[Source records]
○ ○ ○ ○ ○

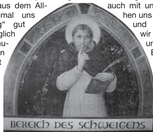
Jetzt täglich zehn Minuten Schweigen und den Blick nach innen richten
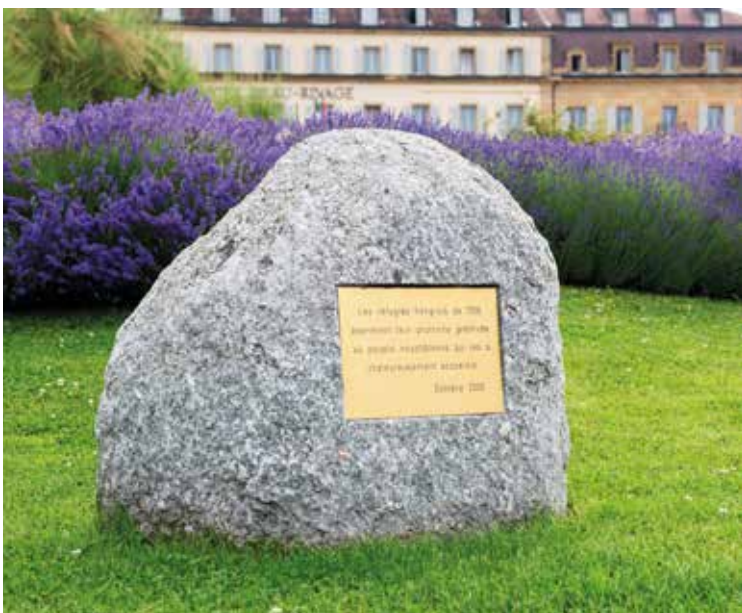
Inauguré en 2006, ce mémorial rappelle la répression sanglante de 1956 et le douloureux exil des Hongrois ayant fui leur pays.
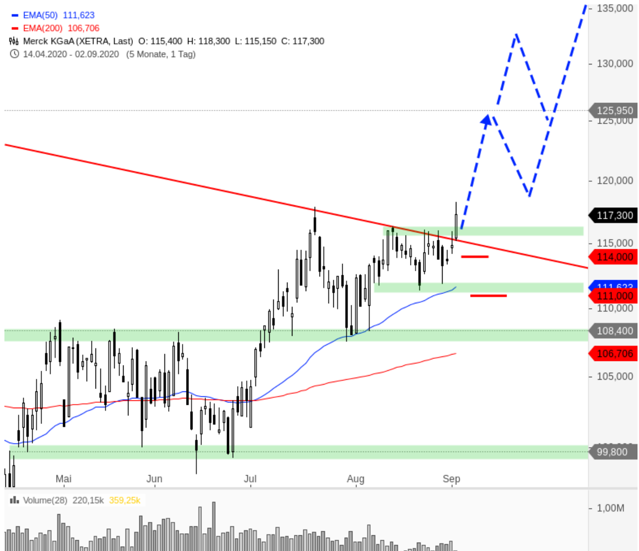
Merck KGaA - Aktie
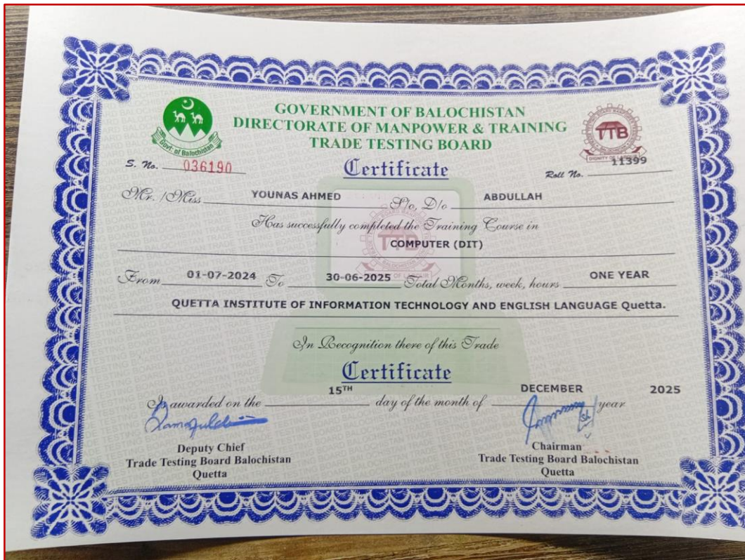
Diploma in Information Technology (DIT 1 Year)

نوٹیفکیشن کے مطابق کسی بھی سرکاری پوسٹ کے لئے صرف BITTB کا سرٹیفکیٹ ہی قابل قبول ہیں۔ لہذا QITEL کے تمام طلباء و طالبات کو مطلع کیا جاتا ہے کہ وہ جلد از جلد BITTB سرٹیفکیٹ / ڈپلومہ کیلئے رجسٹریشن کروائیں۔
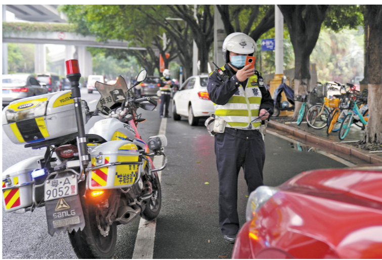
越秀交警大队在东风东路对违停车辆进行执法 羊城晚报记者 周巍 通讯员 交宣

怎样的路段会被设置为机动车违停严管路段?严管路段又将如何管理?广州市公安局交警支队秩序设施大队尹警官告诉记者,违停严管路段主要针对通行能力欠佳的道路或者违法停车行为较为突出的路段进行设置,例如学校、医院、批发市场周边等路段。在严管路段上的违法停车行为,执法民警不会进行违停告知,会直接采取处罚措施。
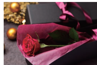
1輪の赤い薔薇(専用BOX入り)
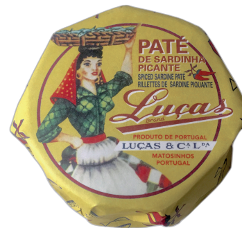
PATÉ DE SARDINA PICANTE EAN13: 5602899211427
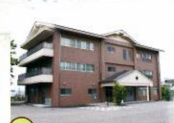
02 北嶺館 宿泊研修施設
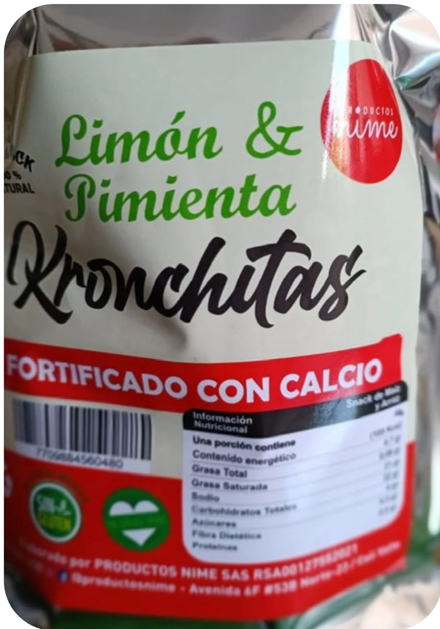
◆ Kronchitas Limón y pimienta 40 gr
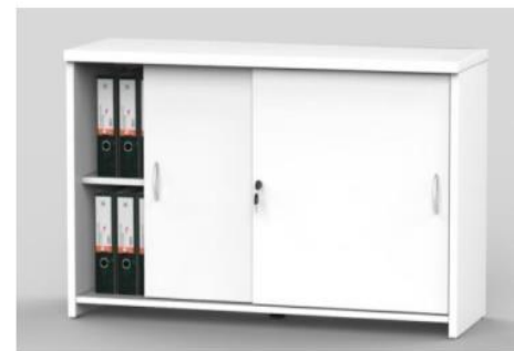
Credenza Edza Blanco De 2 puertas corredizas, color blanco completa, Línea Edza de Formcase, Garantía de un (1) año sobre defectos de fabricación Med: 16" x 48" x 29" Código: 39570
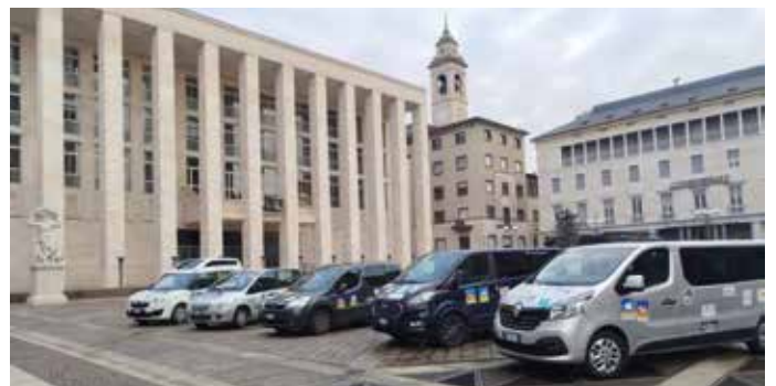
I mezzi dell'ANMIC di Bergamo per il trasporto dei disabili esposti in piazza della Libertà nel giorno del Congresso provinciale

○ ○ ○ ○ ○

*WORK TO COMPLETE:* Except for the pictures, write the data out exactly.

*ANSWER BOX:*
Jetzt täglich zehn Minuten Schweigen und den Blick nach innen richten
Inauguré en 2006, ce mémorial rappelle la répression sanglante de 1956 et le douloureux exil des Hongrois ayant fui leur pays.
Merck KGaA - Aktie
Diploma in Information Technology (DIT 1 Year)

نوٹیفکیشن کے مطابق کسی بھی سرکاری پوسٹ کے لئے صرف BITTB کا سرٹیفکیٹ ہی قابل قبول ہیں۔ لہذا QITEL کے تمام طلباء و طالبات کو مطلع کیا جاتا ہے کہ وہ جلد از جلد BITTB سرٹیفکیٹ / ڈپلومہ کیلئے رجسٹریشن کروائیں۔
越秀交警大队在东风东路对违停车辆进行执法 羊城晚报记者 周巍 通讯员 交宣

怎样的路段会被设置为机动车违停严管路段?严管路段又将如何管理?广州市公安局交警支队秩序设施大队尹警官告诉记者,违停严管路段主要针对通行能力欠佳的道路或者违法停车行为较为突出的路段进行设置,例如学校、医院、批发市场周边等路段。在严管路段上的违法停车行为,执法民警不会进行违停告知,会直接采取处罚措施。
1輪の赤い薔薇(専用BOX入り)
PATÉ DE SARDINA PICANTE EAN13: 5602899211427
02 北嶺館 宿泊研修施設
◆ Kronchitas Limón y pimienta 40 gr
Credenza Edza Blanco De 2 puertas corredizas, color blanco completa, Línea Edza de Formcase, Garantía de un (1) año sobre defectos de fabricación Med: 16" x 48" x 29" Código: 39570
I mezzi dell'ANMIC di Bergamo per il trasporto dei disabili esposti in piazza della Libertà nel giorno del Congresso provinciale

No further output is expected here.